Improvements across all transport corridors between the major population centres brings choice. With choice comes a deeper comfort with the post-COVID working environment that involves flexibility of place and time of work, as well as a greater appreciation of travel time as potential productivity time.
Rather than something that must be endured before and after work, stealing away from personal time, the act of travelling to and from the office can instead be considered work time, potentially meaning less hours in the office.
“That’s how this all translates into a different way of approaching engineering,” Gales said. “Rather than starting with a plan, such as a transport plan, we start with the final goal of supporting the region to be more liveable. We then engineer that goal.
“There’s now more of a requirement to be more holistic and to recognise the complex relationship engineering has with climate change, with post-COVID lifestyle, and with connection.”
Is the SEQ City Deal enough?
While the SEQ City Deal is a positive step forward for those in the region, it could do more to commit to sustainability in terms of climate change and liveability, said Fellow and Chartered engineer Dr Helen Fairweather FIEAust CPEng, Senior Lecturer, Environmental Engineering at University of the Sunshine Coast.
“We’ve come to a point in society where we’ve identified that we cannot continue down the business-as-usual route,” she said. “Having documentation that recognises that is important. Having said that, I’m not sure that this document does that to the extent required.”
It would be useful for such a document to include an explanation of how sustainability success will be measured, Fairweather said. Perhaps sustainability-measurement tools developed by Infrastructure Australia could be utilised.
“It’s the same as doing a financial model,” she explained. “There are up-front costs and then there are ongoing costs to future generations. Sustainability should be no different.”
The idea of changing the infrastructure experience, of creating smart cities and connected transport systems, is a thrilling one, Fairweather said. But it’s vital that planners and engineers don’t leave behind the people who most need a liveability boost.

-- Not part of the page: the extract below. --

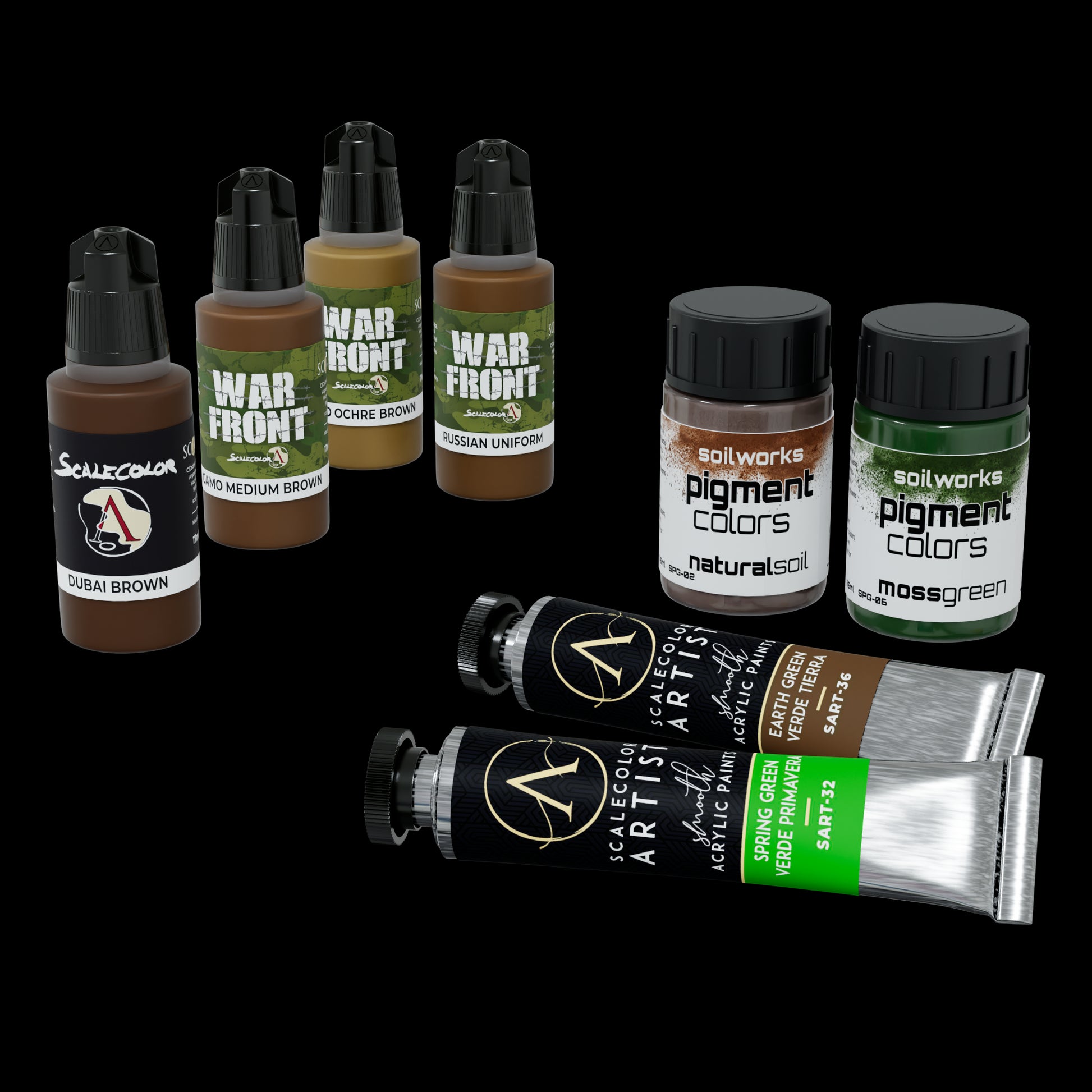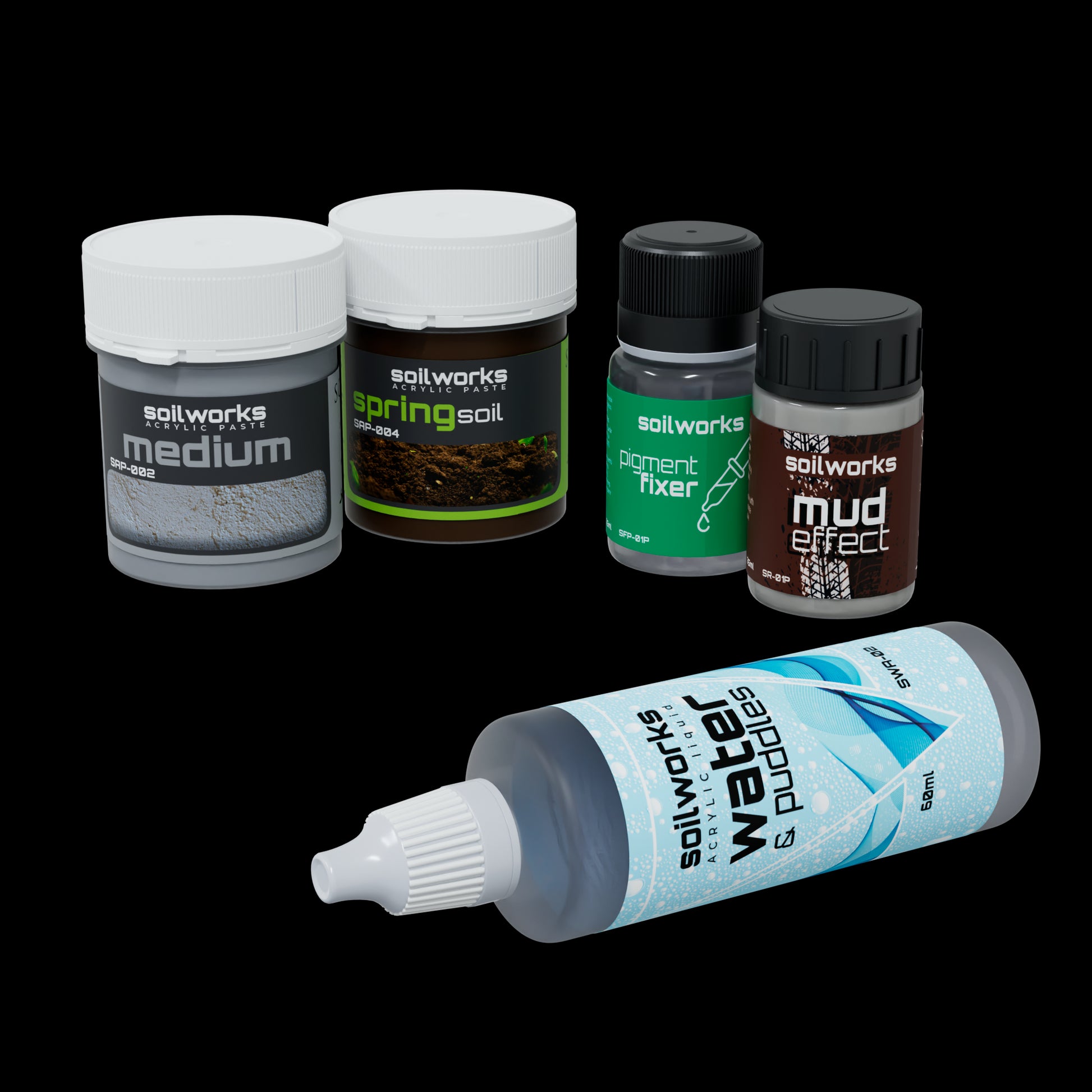 A themed set designed to help you create spring-like environments and scenarios. With this selection of materials and paints, you can create large and small scenes for your miniatures, figures, or vehicles, providing you with the necessary products to carry them out. A must-have set for any modeler!

“Liveability is an interesting concept,” she said. “I have recently become aware of the desperate situation for hundreds of people in SEQ in a low socioeconomic bracket. For them, liveability is finding somewhere to put up a tent. That is all they can afford. Real liveability in this region must be about everyone having their basic needs met, including a hard roof above their head.
“So I believe the intent of the SEQ City Plan is good. I just don’t think it goes far enough in terms of ensuring that an authentic sustainable approach is taken.”